Debugging and Prototyping

The Problem

When you code, you have problems. It’s inevitable. Let’s call them bugs. You need to find them and fix them. But how?

Then you want to create something on the side, and see if it works.

The Solution

There’s no one-size-fits-all solution, no silver bullet. We can only play around with some slingshots and see what works best for us.

Debugging

It’s a crucial part of the development process. If you start with tests, you may need to debug less, but it’s still important to have tools that make it easier.

IDE debugger

Debugger is a tool that allows you to pause the execution of the code, inspect variables, and step through the code. Modern IDEs like VS Code and PyCharm come with built-in debuggers that make it easy to identify and fix issues. You can set breakpoints, step through the code, and see the values of variables at each step. You can even modify the variables on the fly! Without writing here more, we suggest you check the documentation of your IDE. VSCode, PyCharm.

Tip

Modern IDEs have built-in debuggers that work great with Python, allow you to set breakpoints, inspect variables, modify them, run arbitrary code in a breakpoint, and more.

Debugging with IDE should be your first choice when you have a problem.

Quick prototyping

You often debug while writing new features. Let’s call it quick prototyping.

Test Driven Development (TDD)

First, we recommend writing tests for the things you want to implement. This might sound counterintuitive, as you don’t have anything to test yet, but it’s a good practice, it’s called TDD (Test-Driven Development).
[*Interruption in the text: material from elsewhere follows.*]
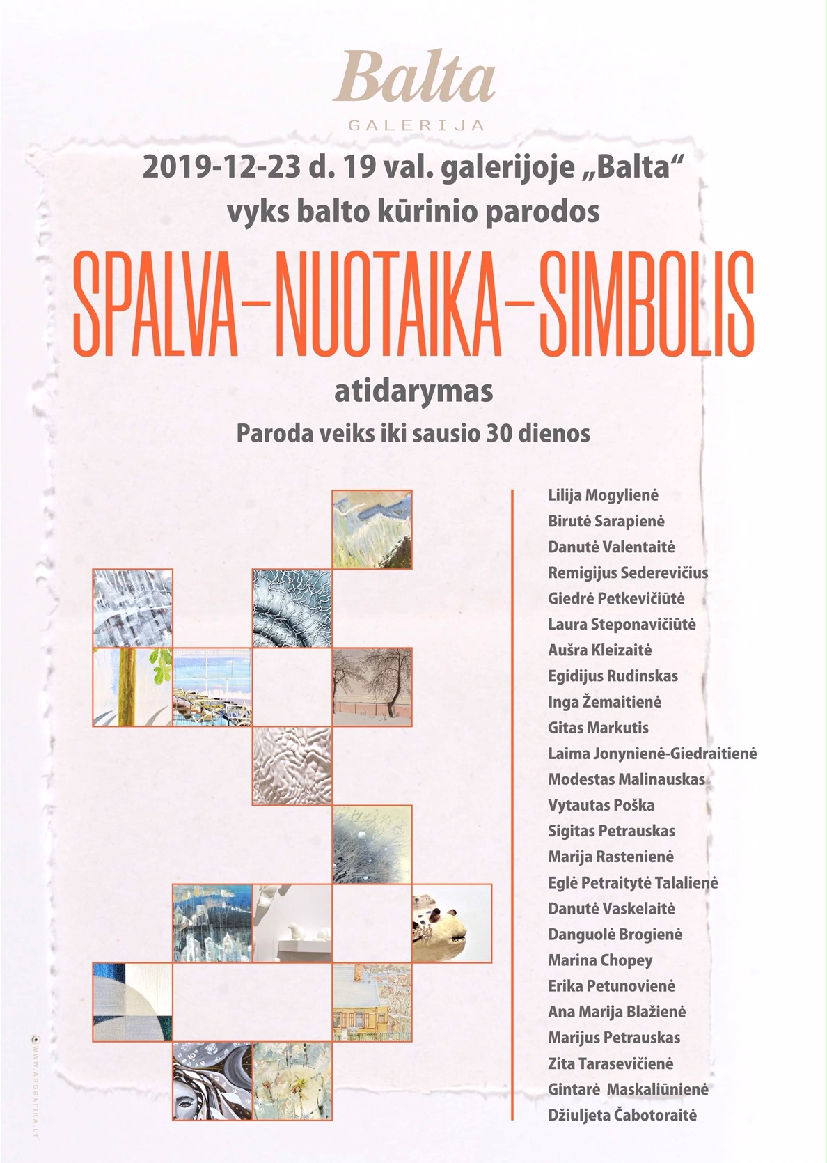 „Balta spalva simbolizuoja šviesą, džiaugsmą, sėkmę, išmintį ir amžinybę. Balta tai – prašviesėjimas, atvirumas, atlaidumas“, – taip poetiškai organizatorių pristatoma Tekstilininkų ir dailininkų gildijos galerijoje „Balta“ (M. Valančiaus 21, Kaunas) iki sausio 30 d. vykstanti konkursinė balto kūrinio paroda „Spalva – nuotaika – simbolis“, kurioje dalyvauja Kauno kolegijos Menų akademijos Stiklo, keramikos, odos, tekstilės meno studijų programos dėstytoja, tekstilininkė Birutė Sarapienė.

You write a test that fails, then you write the code that makes the test pass. By making starting with the test, you know what you want to achieve, and you can focus on that. Additionally, it helps you not to entangle the code too much. And well, you have the tests!

Tip

Start developing new features with writing tests for them!

The interactive prototyping

The R community is familiar with running code in the console and seeing the results immediately. This is very powerful and allows for quick prototyping. Modern IDEs like VS Code also allows this in python. Just select a piece of code, hit Shift+Enter and see the results in the interactive console.

However, the results are quickly lost and hard to reproduce. We propose using jupyter notebooks for this purpose, as presented in the notebooks/01_experiment.ipynb file. You can run the code cell by cell, see the results, and add comments, you can easily attach the debugger to the running code.

There are many workflows for using notebooks for prototyping. The one we suggest is to actually write classes, functions directly in the main codebase and import it to the notebook for experimenting. The hot realoading in notebooks with autoreload magic command helps here a lot - it reloads the imported modules every time you run the cell, so you don’t have to restart the kernel every time you make a change in the code!

Just so you know, you can also easily export the notebook to a python script. However, we recommend operating on the codebase directly, as it’s easier to maintain and test.